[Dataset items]
----

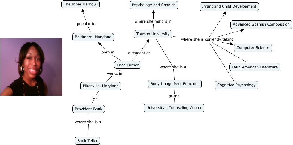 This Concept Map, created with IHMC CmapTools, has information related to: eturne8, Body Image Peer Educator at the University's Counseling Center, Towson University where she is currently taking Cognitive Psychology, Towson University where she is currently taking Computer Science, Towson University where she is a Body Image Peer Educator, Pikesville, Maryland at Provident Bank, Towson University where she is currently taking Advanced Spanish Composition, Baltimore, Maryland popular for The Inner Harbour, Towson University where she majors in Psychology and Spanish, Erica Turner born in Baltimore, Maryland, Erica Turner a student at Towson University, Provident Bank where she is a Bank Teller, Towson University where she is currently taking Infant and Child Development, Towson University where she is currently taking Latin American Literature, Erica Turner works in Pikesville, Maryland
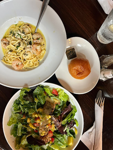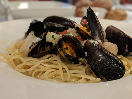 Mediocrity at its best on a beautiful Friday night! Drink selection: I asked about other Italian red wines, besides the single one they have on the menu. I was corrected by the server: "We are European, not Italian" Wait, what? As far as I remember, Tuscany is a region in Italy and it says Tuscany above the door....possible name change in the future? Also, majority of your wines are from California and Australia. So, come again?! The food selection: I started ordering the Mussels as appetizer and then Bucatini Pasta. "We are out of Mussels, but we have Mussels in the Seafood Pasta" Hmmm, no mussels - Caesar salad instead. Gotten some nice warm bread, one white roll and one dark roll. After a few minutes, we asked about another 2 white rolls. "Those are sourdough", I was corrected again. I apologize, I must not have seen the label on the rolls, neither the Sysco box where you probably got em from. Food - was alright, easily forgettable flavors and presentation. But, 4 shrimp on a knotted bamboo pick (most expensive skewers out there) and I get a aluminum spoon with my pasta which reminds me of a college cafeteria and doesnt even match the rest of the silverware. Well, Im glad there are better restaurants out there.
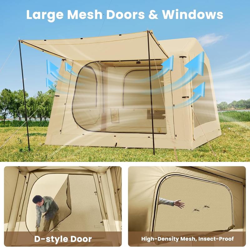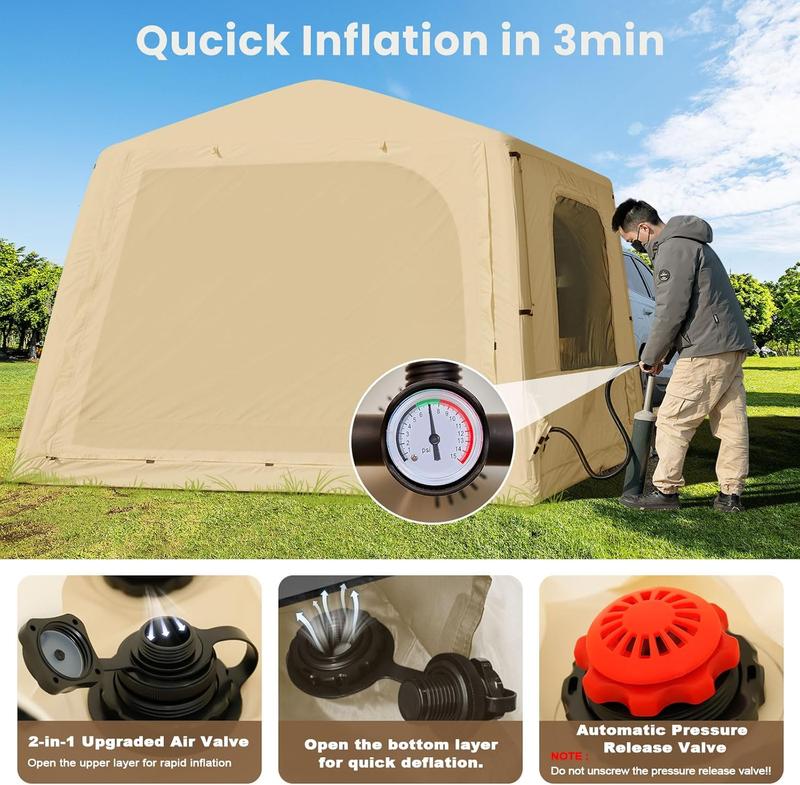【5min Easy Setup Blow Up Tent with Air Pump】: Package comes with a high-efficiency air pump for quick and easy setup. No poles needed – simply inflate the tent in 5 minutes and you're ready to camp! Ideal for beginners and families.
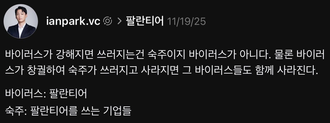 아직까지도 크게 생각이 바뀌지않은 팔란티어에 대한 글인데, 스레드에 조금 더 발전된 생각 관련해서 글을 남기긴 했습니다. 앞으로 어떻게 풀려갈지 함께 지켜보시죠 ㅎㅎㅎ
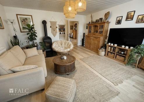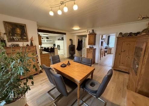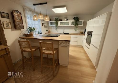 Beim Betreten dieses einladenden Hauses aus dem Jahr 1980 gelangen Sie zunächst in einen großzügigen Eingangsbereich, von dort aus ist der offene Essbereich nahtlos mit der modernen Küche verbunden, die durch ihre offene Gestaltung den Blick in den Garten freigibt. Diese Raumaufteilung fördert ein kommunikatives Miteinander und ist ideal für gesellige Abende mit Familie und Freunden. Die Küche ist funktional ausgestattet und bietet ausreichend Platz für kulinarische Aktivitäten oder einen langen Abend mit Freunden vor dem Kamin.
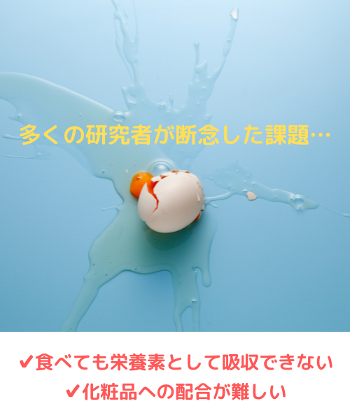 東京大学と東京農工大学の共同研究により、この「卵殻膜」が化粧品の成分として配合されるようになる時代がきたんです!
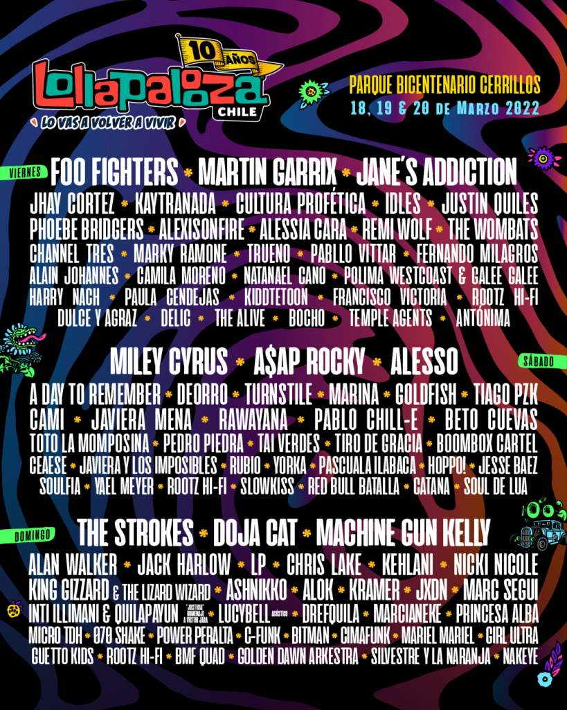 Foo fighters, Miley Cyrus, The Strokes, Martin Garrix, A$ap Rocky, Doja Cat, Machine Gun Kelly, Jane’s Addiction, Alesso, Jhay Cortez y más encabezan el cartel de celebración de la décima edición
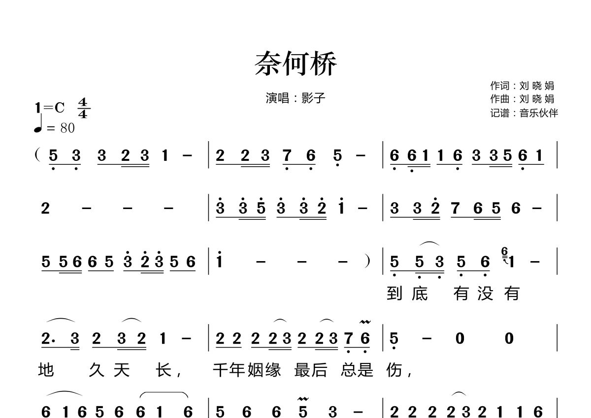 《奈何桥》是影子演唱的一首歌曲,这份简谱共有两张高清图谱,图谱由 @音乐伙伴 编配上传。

----

*Description of the task*.
Retype the data above exactly, dropping every picture.

*Result*.
 This Concept Map, created with IHMC CmapTools, has information related to: eturne8, Body Image Peer Educator at the University's Counseling Center, Towson University where she is currently taking Cognitive Psychology, Towson University where she is currently taking Computer Science, Towson University where she is a Body Image Peer Educator, Pikesville, Maryland at Provident Bank, Towson University where she is currently taking Advanced Spanish Composition, Baltimore, Maryland popular for The Inner Harbour, Towson University where she majors in Psychology and Spanish, Erica Turner born in Baltimore, Maryland, Erica Turner a student at Towson University, Provident Bank where she is a Bank Teller, Towson University where she is currently taking Infant and Child Development, Towson University where she is currently taking Latin American Literature, Erica Turner works in Pikesville, Maryland
 Mediocrity at its best on a beautiful Friday night! Drink selection: I asked about other Italian red wines, besides the single one they have on the menu. I was corrected by the server: "We are European, not Italian" Wait, what? As far as I remember, Tuscany is a region in Italy and it says Tuscany above the door....possible name change in the future? Also, majority of your wines are from California and Australia. So, come again?! The food selection: I started ordering the Mussels as appetizer and then Bucatini Pasta. "We are out of Mussels, but we have Mussels in the Seafood Pasta" Hmmm, no mussels - Caesar salad instead. Gotten some nice warm bread, one white roll and one dark roll. After a few minutes, we asked about another 2 white rolls. "Those are sourdough", I was corrected again. I apologize, I must not have seen the label on the rolls, neither the Sysco box where you probably got em from. Food - was alright, easily forgettable flavors and presentation. But, 4 shrimp on a knotted bamboo pick (most expensive skewers out there) and I get a aluminum spoon with my pasta which reminds me of a college cafeteria and doesnt even match the rest of the silverware. Well, Im glad there are better restaurants out there.
【5min Easy Setup Blow Up Tent with Air Pump】: Package comes with a high-efficiency air pump for quick and easy setup. No poles needed – simply inflate the tent in 5 minutes and you're ready to camp! Ideal for beginners and families.
 아직까지도 크게 생각이 바뀌지않은 팔란티어에 대한 글인데, 스레드에 조금 더 발전된 생각 관련해서 글을 남기긴 했습니다. 앞으로 어떻게 풀려갈지 함께 지켜보시죠 ㅎㅎㅎ
 Beim Betreten dieses einladenden Hauses aus dem Jahr 1980 gelangen Sie zunächst in einen großzügigen Eingangsbereich, von dort aus ist der offene Essbereich nahtlos mit der modernen Küche verbunden, die durch ihre offene Gestaltung den Blick in den Garten freigibt. Diese Raumaufteilung fördert ein kommunikatives Miteinander und ist ideal für gesellige Abende mit Familie und Freunden. Die Küche ist funktional ausgestattet und bietet ausreichend Platz für kulinarische Aktivitäten oder einen langen Abend mit Freunden vor dem Kamin.
 東京大学と東京農工大学の共同研究により、この「卵殻膜」が化粧品の成分として配合されるようになる時代がきたんです!
 Foo fighters, Miley Cyrus, The Strokes, Martin Garrix, A$ap Rocky, Doja Cat, Machine Gun Kelly, Jane’s Addiction, Alesso, Jhay Cortez y más encabezan el cartel de celebración de la décima edición
 《奈何桥》是影子演唱的一首歌曲,这份简谱共有两张高清图谱,图谱由 @音乐伙伴 编配上传。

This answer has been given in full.